Dataset content:
------------------------

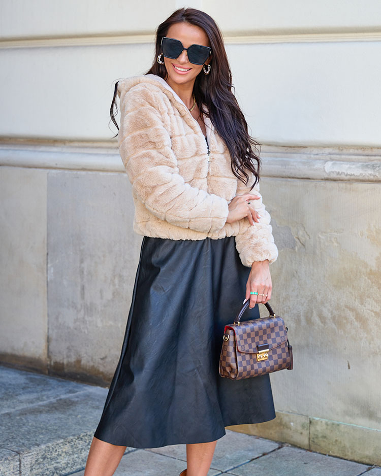 - Sensationelle doppelseitige Damenjacke aus glattem Stoff und angenehm weichem Material a'la Pelz. Sie hat eine weiche synthetische Füllung. Modell mit einer Kapuze, zwei Reißverschlusstaschen und einem Reißverschluss. Ein Hit in dieser Saison!
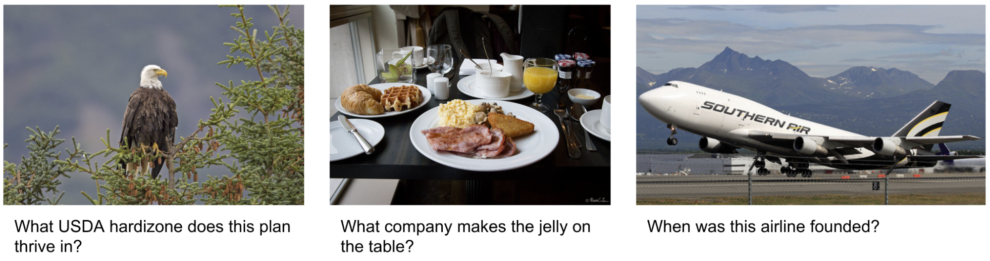 | Examples of visual information seeking queries where external knowledge is required to answer the question. Images are taken from the OK-VQA dataset. |
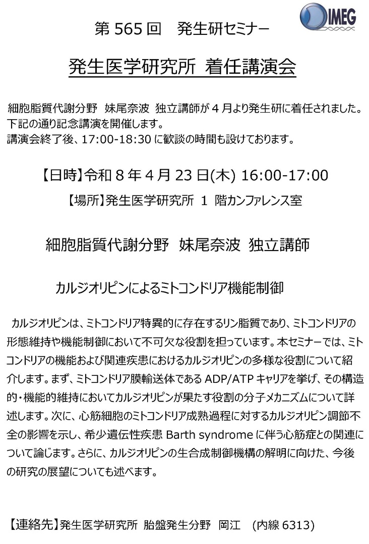 [着任講演会] 4/23 16:00- 妹尾奈波 先生
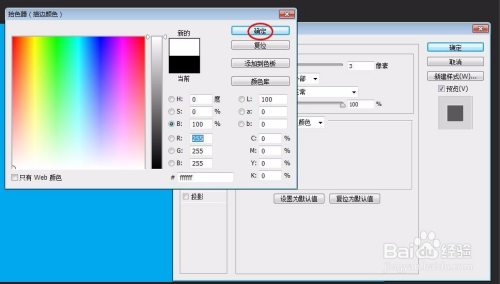 第七步:在拾色器中选择白色,单击“确定”按钮。

------------------------

Task directions: An exact copy of the whole listing is required, minus the pictures.

Solution for this exercise:
 - Sensationelle doppelseitige Damenjacke aus glattem Stoff und angenehm weichem Material a'la Pelz. Sie hat eine weiche synthetische Füllung. Modell mit einer Kapuze, zwei Reißverschlusstaschen und einem Reißverschluss. Ein Hit in dieser Saison!
 | Examples of visual information seeking queries where external knowledge is required to answer the question. Images are taken from the OK-VQA dataset. |
 [着任講演会] 4/23 16:00- 妹尾奈波 先生
 第七步:在拾色器中选择白色,单击“确定”按钮。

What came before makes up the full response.